What the task requires:
From the data below, return only the lines from the one with "วันอังคารที่ 5 สิงหาคม" through the one with "A talajok felszín", exact and inclusive, with pictures left out.

Given data:
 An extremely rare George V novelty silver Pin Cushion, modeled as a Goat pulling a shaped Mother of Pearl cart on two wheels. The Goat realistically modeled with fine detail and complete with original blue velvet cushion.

---

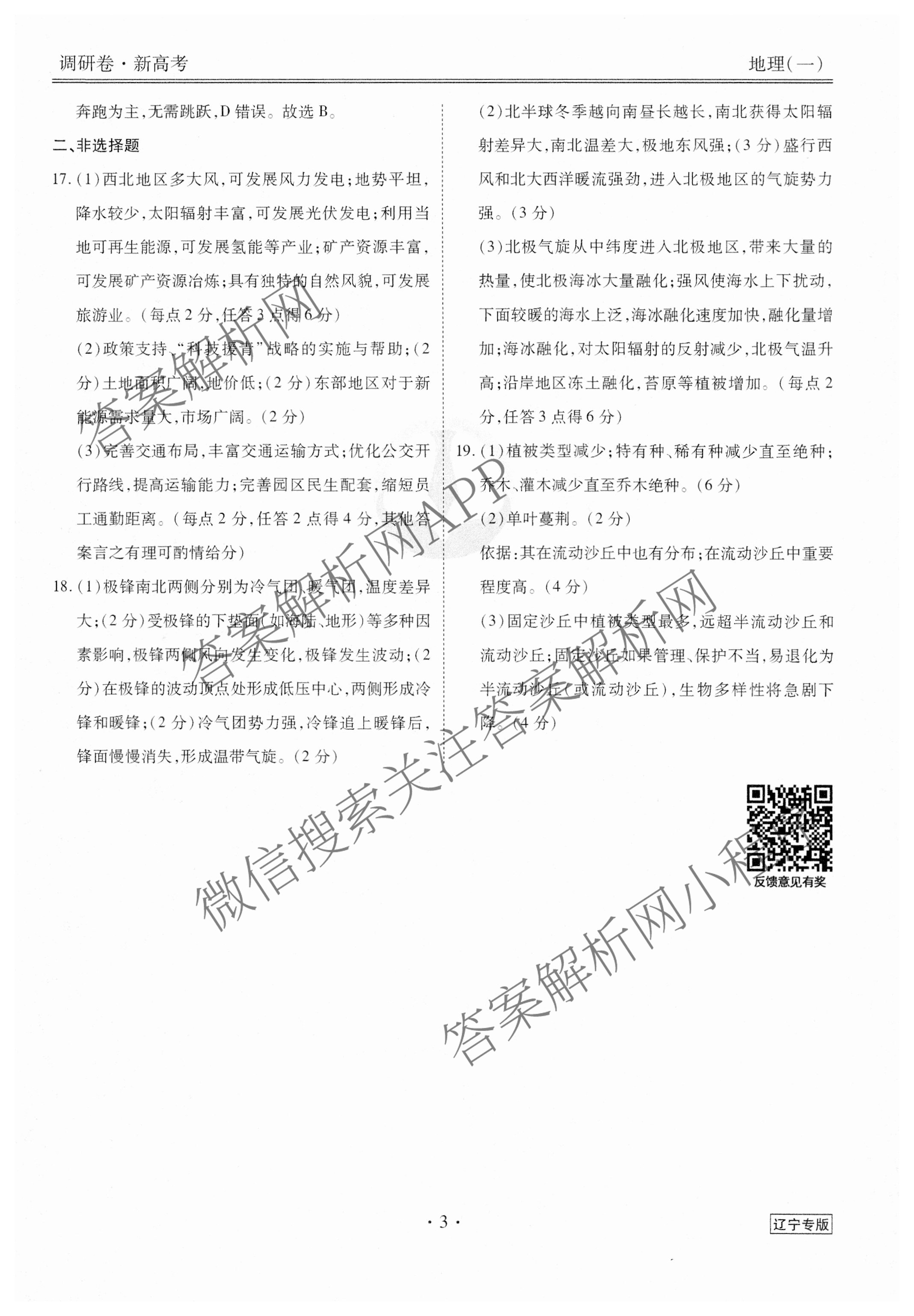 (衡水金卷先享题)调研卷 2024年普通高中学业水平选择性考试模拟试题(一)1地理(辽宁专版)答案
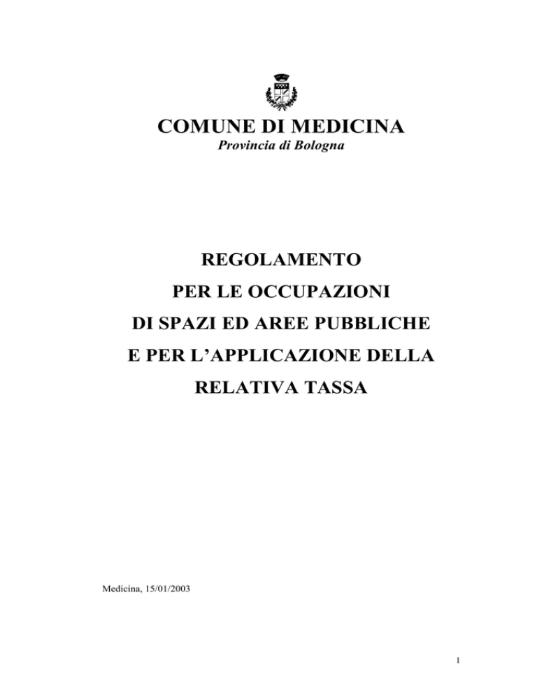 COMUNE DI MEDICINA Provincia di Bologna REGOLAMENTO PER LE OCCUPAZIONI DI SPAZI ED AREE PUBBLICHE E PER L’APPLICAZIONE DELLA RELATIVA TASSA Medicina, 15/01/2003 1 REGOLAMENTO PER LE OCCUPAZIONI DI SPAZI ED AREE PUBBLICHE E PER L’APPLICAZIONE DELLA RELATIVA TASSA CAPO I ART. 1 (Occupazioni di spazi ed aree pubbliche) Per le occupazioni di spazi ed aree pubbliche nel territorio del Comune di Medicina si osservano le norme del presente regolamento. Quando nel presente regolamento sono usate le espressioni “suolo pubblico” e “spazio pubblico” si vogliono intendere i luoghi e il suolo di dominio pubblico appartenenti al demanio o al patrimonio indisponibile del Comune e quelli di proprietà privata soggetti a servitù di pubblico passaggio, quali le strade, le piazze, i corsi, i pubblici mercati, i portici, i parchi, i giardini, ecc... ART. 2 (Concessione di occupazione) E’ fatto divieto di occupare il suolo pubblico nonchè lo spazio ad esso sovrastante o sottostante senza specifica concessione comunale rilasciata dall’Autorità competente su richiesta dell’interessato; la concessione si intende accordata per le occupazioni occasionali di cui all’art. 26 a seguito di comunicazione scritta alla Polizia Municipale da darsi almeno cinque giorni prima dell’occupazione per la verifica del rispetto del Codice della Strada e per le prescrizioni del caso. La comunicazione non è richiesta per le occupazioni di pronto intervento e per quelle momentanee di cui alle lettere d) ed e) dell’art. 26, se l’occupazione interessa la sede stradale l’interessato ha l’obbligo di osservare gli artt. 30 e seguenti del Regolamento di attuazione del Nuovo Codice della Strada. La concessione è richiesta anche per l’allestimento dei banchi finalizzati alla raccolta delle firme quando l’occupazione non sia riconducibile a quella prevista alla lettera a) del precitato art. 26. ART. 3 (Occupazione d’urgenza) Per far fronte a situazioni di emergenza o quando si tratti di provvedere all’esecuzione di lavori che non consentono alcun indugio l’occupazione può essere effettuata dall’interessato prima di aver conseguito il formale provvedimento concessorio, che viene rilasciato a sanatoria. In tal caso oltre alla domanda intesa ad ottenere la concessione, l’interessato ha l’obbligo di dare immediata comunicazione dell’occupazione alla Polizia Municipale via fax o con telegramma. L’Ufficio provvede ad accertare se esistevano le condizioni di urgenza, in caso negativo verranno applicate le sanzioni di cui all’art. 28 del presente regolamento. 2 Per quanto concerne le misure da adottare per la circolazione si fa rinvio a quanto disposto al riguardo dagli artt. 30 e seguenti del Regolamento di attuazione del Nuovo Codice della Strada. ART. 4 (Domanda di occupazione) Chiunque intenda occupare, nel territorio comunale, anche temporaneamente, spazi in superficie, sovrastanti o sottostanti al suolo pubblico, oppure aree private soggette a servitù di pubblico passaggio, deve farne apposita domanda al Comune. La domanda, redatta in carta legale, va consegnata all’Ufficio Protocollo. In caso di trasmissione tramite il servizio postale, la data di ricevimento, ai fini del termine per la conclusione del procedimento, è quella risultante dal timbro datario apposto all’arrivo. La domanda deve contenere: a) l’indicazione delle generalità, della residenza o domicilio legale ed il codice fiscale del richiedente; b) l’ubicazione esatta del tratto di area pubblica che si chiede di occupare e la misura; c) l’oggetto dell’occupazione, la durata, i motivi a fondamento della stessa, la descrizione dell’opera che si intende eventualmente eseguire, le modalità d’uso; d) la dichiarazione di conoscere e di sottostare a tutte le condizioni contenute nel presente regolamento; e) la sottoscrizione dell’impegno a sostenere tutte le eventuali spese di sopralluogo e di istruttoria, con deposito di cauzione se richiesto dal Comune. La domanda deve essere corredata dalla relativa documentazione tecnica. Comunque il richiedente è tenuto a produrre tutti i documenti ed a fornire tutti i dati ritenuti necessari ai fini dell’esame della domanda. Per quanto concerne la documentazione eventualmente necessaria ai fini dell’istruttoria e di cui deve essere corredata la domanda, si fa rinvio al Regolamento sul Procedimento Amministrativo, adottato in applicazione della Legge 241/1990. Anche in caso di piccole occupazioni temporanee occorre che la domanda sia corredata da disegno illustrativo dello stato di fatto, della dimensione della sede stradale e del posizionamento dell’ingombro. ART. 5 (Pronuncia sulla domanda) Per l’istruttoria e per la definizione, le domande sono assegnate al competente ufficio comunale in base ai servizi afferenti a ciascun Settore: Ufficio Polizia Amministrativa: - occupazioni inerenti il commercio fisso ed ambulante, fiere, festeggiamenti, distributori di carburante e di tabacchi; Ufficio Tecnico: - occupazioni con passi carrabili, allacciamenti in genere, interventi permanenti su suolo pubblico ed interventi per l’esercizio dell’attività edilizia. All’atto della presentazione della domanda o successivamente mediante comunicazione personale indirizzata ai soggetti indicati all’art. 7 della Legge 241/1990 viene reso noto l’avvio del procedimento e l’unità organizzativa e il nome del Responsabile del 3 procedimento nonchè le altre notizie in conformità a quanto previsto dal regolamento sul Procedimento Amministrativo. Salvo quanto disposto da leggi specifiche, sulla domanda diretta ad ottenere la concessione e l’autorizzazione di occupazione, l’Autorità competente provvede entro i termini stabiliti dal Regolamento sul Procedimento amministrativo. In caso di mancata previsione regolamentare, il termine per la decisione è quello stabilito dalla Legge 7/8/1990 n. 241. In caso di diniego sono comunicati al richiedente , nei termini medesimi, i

---

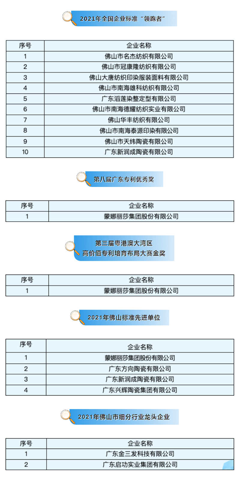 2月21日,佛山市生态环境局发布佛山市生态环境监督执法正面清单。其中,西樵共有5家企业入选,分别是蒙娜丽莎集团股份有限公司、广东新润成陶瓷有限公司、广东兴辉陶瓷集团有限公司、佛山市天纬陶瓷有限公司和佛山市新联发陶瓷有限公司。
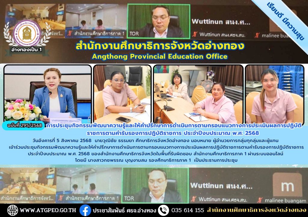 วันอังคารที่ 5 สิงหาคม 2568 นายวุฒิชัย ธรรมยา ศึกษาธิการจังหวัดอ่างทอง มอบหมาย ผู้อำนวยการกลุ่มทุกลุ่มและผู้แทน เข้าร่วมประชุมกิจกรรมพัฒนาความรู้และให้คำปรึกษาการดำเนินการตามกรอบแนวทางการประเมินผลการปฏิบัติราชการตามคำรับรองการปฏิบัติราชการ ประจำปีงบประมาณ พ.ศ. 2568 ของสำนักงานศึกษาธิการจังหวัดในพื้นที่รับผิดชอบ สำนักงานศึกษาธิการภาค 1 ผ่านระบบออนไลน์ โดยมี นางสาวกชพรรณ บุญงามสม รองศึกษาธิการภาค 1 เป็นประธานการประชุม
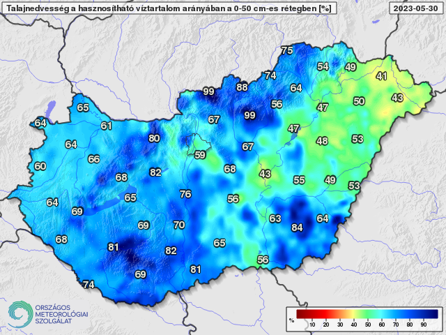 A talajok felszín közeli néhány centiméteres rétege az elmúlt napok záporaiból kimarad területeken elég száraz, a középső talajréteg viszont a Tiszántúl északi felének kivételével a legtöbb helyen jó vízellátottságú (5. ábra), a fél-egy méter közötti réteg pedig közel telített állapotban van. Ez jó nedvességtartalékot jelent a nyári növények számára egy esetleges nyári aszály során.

Response:
 วันอังคารที่ 5 สิงหาคม 2568 นายวุฒิชัย ธรรมยา ศึกษาธิการจังหวัดอ่างทอง มอบหมาย ผู้อำนวยการกลุ่มทุกลุ่มและผู้แทน เข้าร่วมประชุมกิจกรรมพัฒนาความรู้และให้คำปรึกษาการดำเนินการตามกรอบแนวทางการประเมินผลการปฏิบัติราชการตามคำรับรองการปฏิบัติราชการ ประจำปีงบประมาณ พ.ศ. 2568 ของสำนักงานศึกษาธิการจังหวัดในพื้นที่รับผิดชอบ สำนักงานศึกษาธิการภาค 1 ผ่านระบบออนไลน์ โดยมี นางสาวกชพรรณ บุญงามสม รองศึกษาธิการภาค 1 เป็นประธานการประชุม
 A talajok felszín közeli néhány centiméteres rétege az elmúlt napok záporaiból kimarad területeken elég száraz, a középső talajréteg viszont a Tiszántúl északi felének kivételével a legtöbb helyen jó vízellátottságú (5. ábra), a fél-egy méter közötti réteg pedig közel telített állapotban van. Ez jó nedvességtartalékot jelent a nyári növények számára egy esetleges nyári aszály során.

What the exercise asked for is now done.